Other means of adding more information to ordination such as superimposing a minimal spanning tree and a relative neighborhood graph have been proposed by Guiller [44]. However, all those methods require using all the data points, thereby only generating unrecognizable results when the data set is large. Our proposed method can also serve as a general way of adding another layer of information to any ordination analysis of data relationships that can alternatively be described by using a tree structure.

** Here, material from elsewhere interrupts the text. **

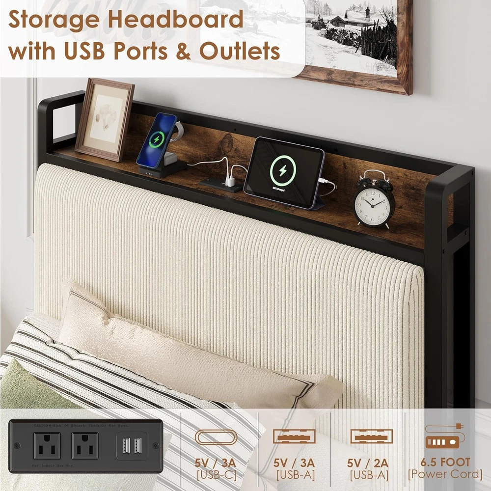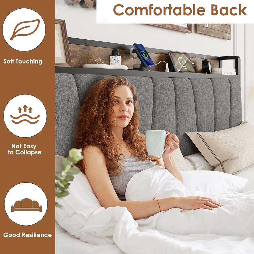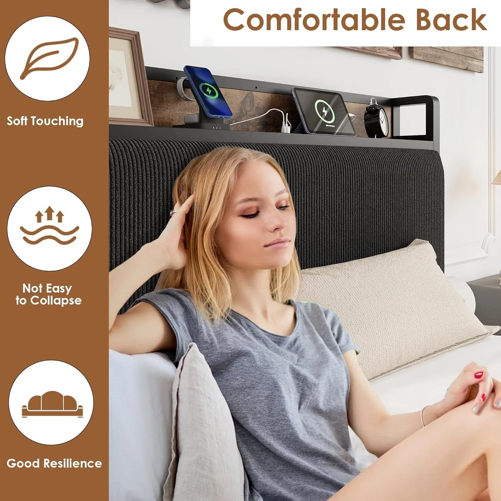 Product description 【Storage Headboard with Charging Station】This bed frame with storage headboard allows you to easily store small items such as phones, glasses and books. It is equipped with 2 USB ports and 1 Type-C port, providing a maximum of 5v/3a for fast charging efficiency. The linen upholstered headboard not only adds a stylish touch to your room, but also allows you to comfortably lean back to read books or use your phone. 【Twin Size Bed Frame with 2 Storage Drawers】This bed frame comes with 2 spacious storage drawers with smooth wheels, perfect for storing clothes or bedding. The screw lock prevents the drawers from sliding out. Additionally, the extra 10.6-inch space under the bed can be used to store shoes, boxes, or suitcases, making the most of the under bed space. 【Ideal for Placement Against the Wall】You have the flexibility to choose the placement of the two drawers under the bed. Placing both drawers on one side allows the other side to be placed against the wall, avoiding wasted drawer space. This feature is particularly suitable for families with kids or limited room space, as placing the bed against the wall prevents children from falling off the bed, providing extra safety. 【More Space for Nightstand】If you have a need for nightstand, you can choose to place a drawer on each side of the foot of the bed, as placing drawers at the head of the bed may be obstructed by nightstand. If you have these requirements above, our bed frame is the perfect choice for you. 【Sturdy Structure & Noise-Free】This bed frame is constructed with 12 high-quality metal slats and 8 heavy-duty support legs, ensuring both comfort and stability. It can withstand a maximum weight capacity of 800 pounds. With no need for a box spring and the use of noise-reducing cotton, you can enjoy a quiet and comfortable sleeping environment. 【Easy Assembly】All the parts and tools of our platform bed frame are marked out in the manual. Clear assembly instruction helps people with zero assembly experience. It only takes around 60 minutes to complete the installation. Any problems with this bed frame, please feel free to contact us, we will provide you with 24 hours professional customer service. Twin/Twin-XL Size Bed Frame with 2 Storage Drawers Twin Size Bed Frame with 2 Storage Drawers and Charging Station Charging Station with USB Ports & Outlets Soft Linen Backrest The comfortable Linen backrest has a soft fexture, is resistant to sinking, and offers great bounce. The bed has stable frame with noise-free design & easy to install. Functions 1 2 Large Drawers 2 Stable Frame 3 Under-Bed Storage A Gift for Kids Specification Size Option TWIN/TWIN-XL/FULL/QUEEN/KING Fabric Linen Drawers 2 (Can be placed anywhere) Charging Station Yes Noise Free Yes Easy to Install Yes All Day Customer Serivice Yes Color Yes GAOMON High Quality Bed Frames Customer Reviews 4.0 out of 5 stars 1 — 4.0 out of 5 stars 2 4.8 out of 5 stars 23 Price $99.99 $ 99 . 99 $221.07 $ 221 . 07 — $169.99 $ 169 . 99 Color Pink / White White / Grey White / Grey Pink / White / Blue Available Size Twin Full / Queen / King Full / Queen / King Twin/Twin XL/Full Soft Headboard Charging Station Storage Drawer Easy to Assemble Noise Free Weight Capacity 1000 lbs 1000 lbs 1000 lbs 1000 lbs From the brand Gaomon is committed to creating a comfortable residence for customers that meets their style and needs space. We pursue excellent craftsmanship quality and fashionable design, integrating them with modern aesthetics to give customers diverse choices and unparalleled value and satisfaction. GaoMon hopes to become the first choice channel for customers to find ideal furniture while pursuing a high-quality life road brand. Farmhouse Cabinet Bed Frame Makeup Vanity Farmhouse Console Table Bathroom Storage Series What is our brand value? our mission is to improve people's living spaces and improve their overall quality of life. What is the direction of our efforts? GAOMON is committed to creating a comfortable living space for customers that suits their personal style and needs. What is our pursuit? We pursue excellent craftsmanship quality and fashionable design, integrating them with modern aesthetics to give customers diverse choices and unparalleled value and satisfaction.
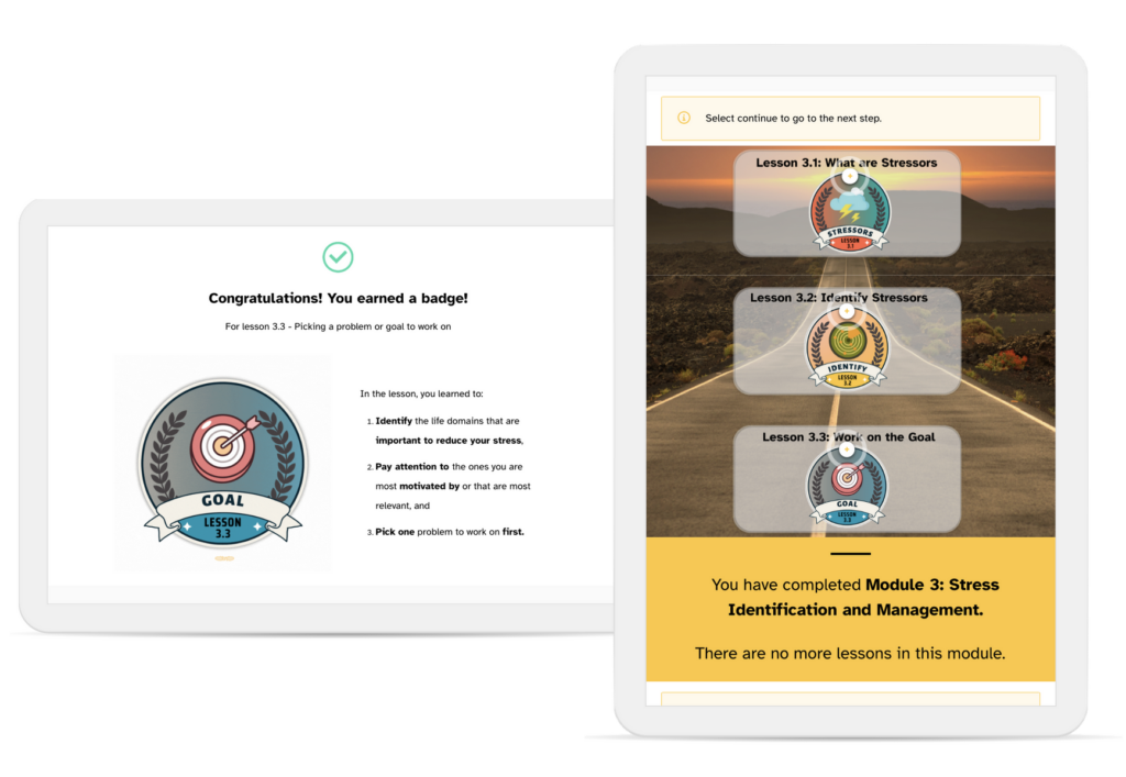 In each lesson of ePST, there are multiple interactive activities, including real-life examples and badges to make learning fun.

The PCoA used here is a linear dimensionalityreduction technique [45, 46]. Despite the recent advances in nonlinear dimensionality reduction, we find PCoA very suitable for PhyloMap. First, PCoA finds the greatest variance in the data set; in other words, it preserves the global pattern and this is one of the main purposes of PhyloMap. Other methods such as Isomap [45] using geodesic distance might not make too much sense in phylogenetic analysis. Methods such as LLE [46] are designed to preserve local properties which is obviously not suitable for PhyloMap. Second, PCoA is robust in the sense that it does not depend on the initiation and does not require other parameters. The wellestablished algorithm for solving PCoA is both computationally efficient and numerically stable. Although the phylogenetic distances inferred using some evolutionary models are not Euclidean, resulting in negative eigenvalues, in practice, those values are usually very small compared to the first few eigenvalues. Thus, they have only minor influence on the results and will not distort the main trends in the data.
In PhyloMap, we use distancebased methods to build the sampling tree. As the distances are measured in the same way both in PCoA and in the phylogenetic tree, when mapping the tree onto the PCoA result, the error can be minimized. However, the sampling tree can also be built with parsimonybased or maximumlikelihood based methods. But in such cases, the edge lengths in the tree and the 2D PCoA result might not be on the same scale. We need to estimate the scaling factor s in equation (4). It is very difficult to exactly estimate s before the mapping is made, so s can only be searched within a certain range (The ratio of the distance between the furthest cluster centers in the PCoA result and the corresponding length in the tree can be a good starting value). This problem does not exist in classical MDS, since all the data points during the mapping can move freely, but in PhyloMap, the leaf nodes are fixed.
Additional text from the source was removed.